ADC

Surge protection

When a surge in client requests overloads a server, server response becomes slow, and the server is unable to respond to new requests. The Surge Protection feature ensures that connections to the server occur at a rate that the server can handle. The response rate depends on how surge protection is configured. The Citrix ADC appliance also tracks the number of connections to the server, and uses that information to adjust the rate at which it opens new server connections.

Surge protection is enabled by default. If you do not want to use surge protection, as is the case with some special configurations, you must disable it.

The default surge protection settings are sufficient for most uses, but you can configure surge protection to tune it for your needs. First, you can set the throttle value to tell it how aggressively to manage connection attempts. Second you can set the base threshold value to control the maximum number of concurrent connections that the Citrix ADC appliance allows before triggering surge protection. (The default base threshold value is set by the throttle value, but after setting the throttle value you can change it to any number you want.)

The following figure illustrates how surge protection is configured to handle traffic to a website.

Figure 1. A Functional Illustration of Citrix ADC Surge Protection

A Functional Illustration of Citrix ADC Surge Protection

Note

If the Citrix ADC appliance is installed at the edge of the network, where it interacts with network devices on the client side of the Internet, the surge protection feature must be disabled. Surge protection must also be disabled if you enable USIP (Using Source IP) mode on your appliance.
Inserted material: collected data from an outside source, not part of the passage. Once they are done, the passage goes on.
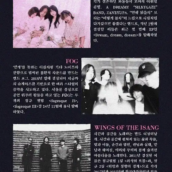 Debuting in 2011 with the EP [Lost], Wings of the ISANG won Best Modern Rock Album at the 14th Korean Music Awards in 2017 with their first full-length album [Stream of Consciousness] (released in September 2016).
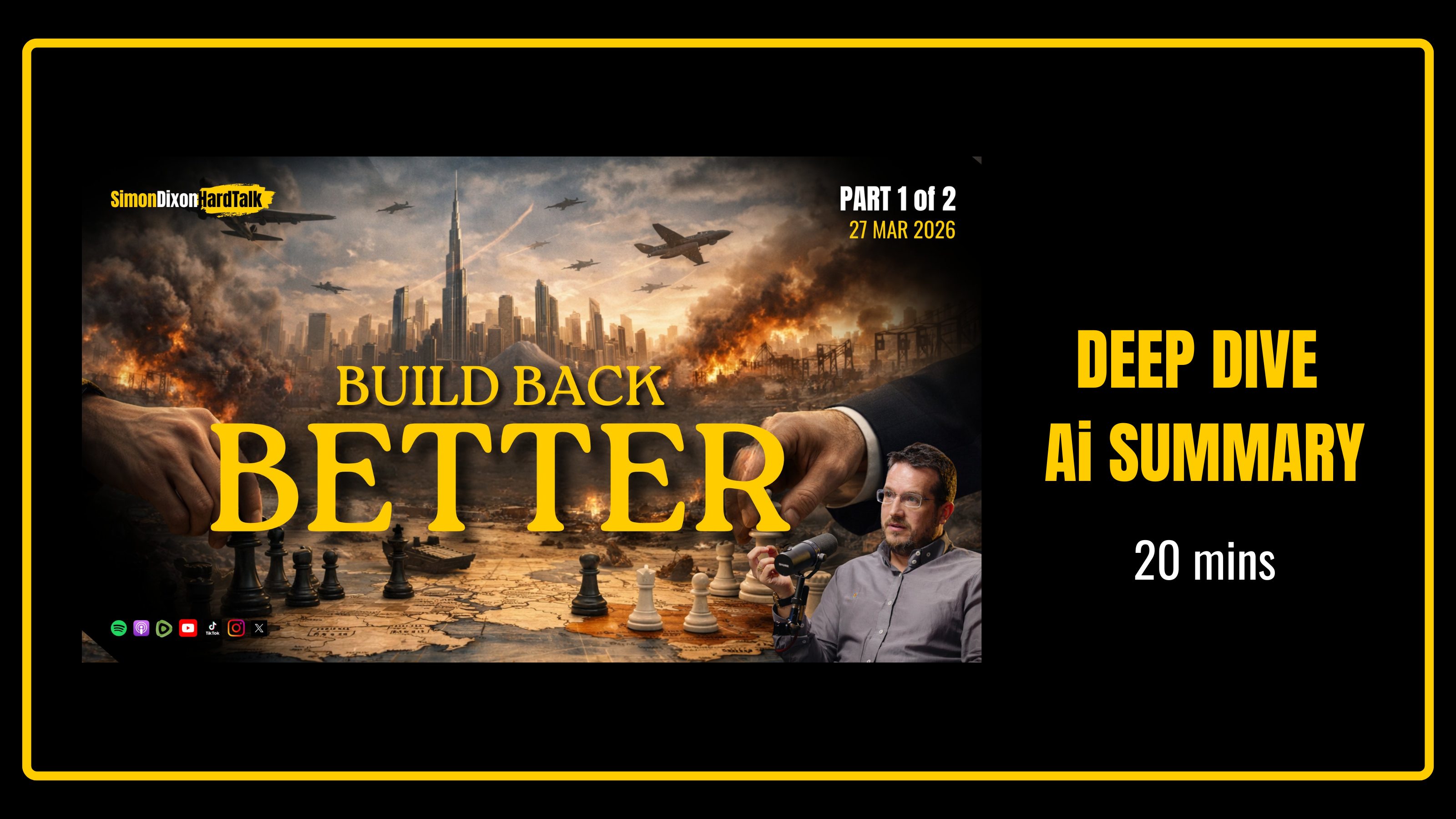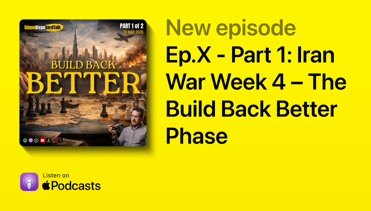 We are officially entering week four of the conflict between Iran, the US, and Israel, and the mask is beginning to slip. This analysis is based on the recent livestream titled 🇮🇷🇺🇸🇮🇱 Iran War Week 4: Build Back Better | The Next Phase of the Global Reset | SimonDixonHardTalk LIVE, which aired on March 27, 2026. The full broadcast ran for 3 hours and 46 minutes, but today we are performing a deep dive into Part 1, the first 1 hour and 37 minutes of the show. This segment represents the core of the "Hard Talk" analytical framework—looking past the kinetic explosions to find the money-flow mechanics.
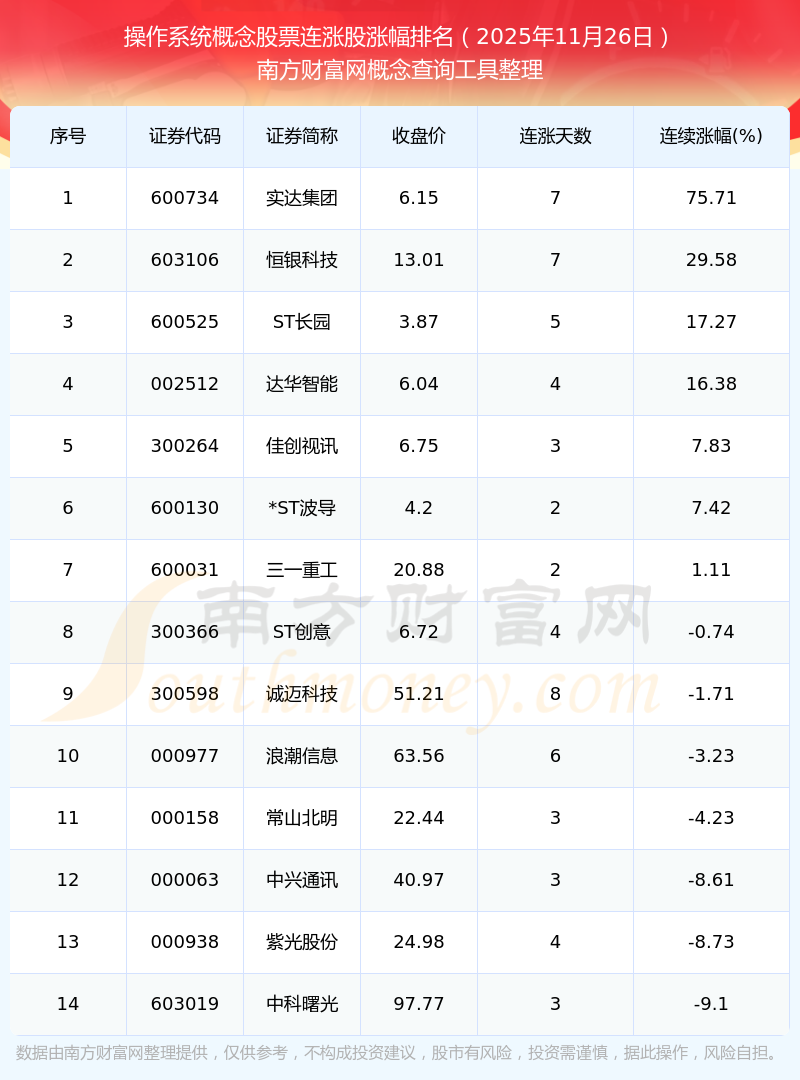 2025年11月26日操作系統(tǒng)概念股票連漲股漲幅排名
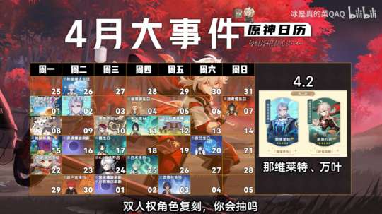 然后来看看同一个UP设计的4月大事件日历。1号全部刷新,别忘记兑换粉球。4月12号4.6前瞻直播,全新版本将要上线,300兑换码等待玩家。4月22号有新的立绘,预计有1~3张不等,具体还要看卡池安排。24号4.6版本正式上线,然后又进入到全新的长草期中。
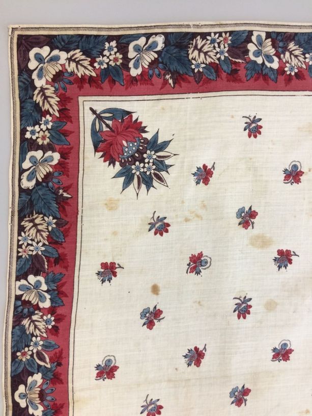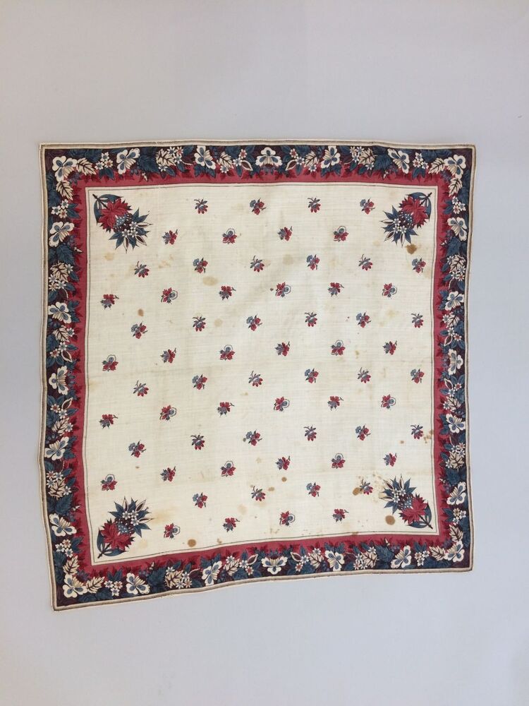 Vierkante in sitstechniek bedrukt katoenen doek of sjaal met wit middenveld met strooimotief en boeketjes in de hoeken en gebloemde rand

When surge protection is disabled and a surge in requests occurs, the server accepts as many requests as it can process concurrently, and then begins to drop requests. As the server becomes more overloaded, it goes down and the response rate is reduced to zero. When the server recovers from the crash, several minutes later, it sends resets for all pending requests, which are abnormal behavior, and also responds to new requests with resets. The process repeats for each surge in requests. Therefore, a server that is under DDoS attack and receives multiple surges of requests can become unavailable to legitimate users.

When surge protection is enabled and a surge in requests occurs, surge protection manages the rate of requests to the server, sending requests to the server only as fast as the server can handle those requests. This enables the server to respond to each request correctly in the order it was received. When the surge is over, the backlogged requests are cleared as fast as the server can handle them, until the request rate matches the response rate.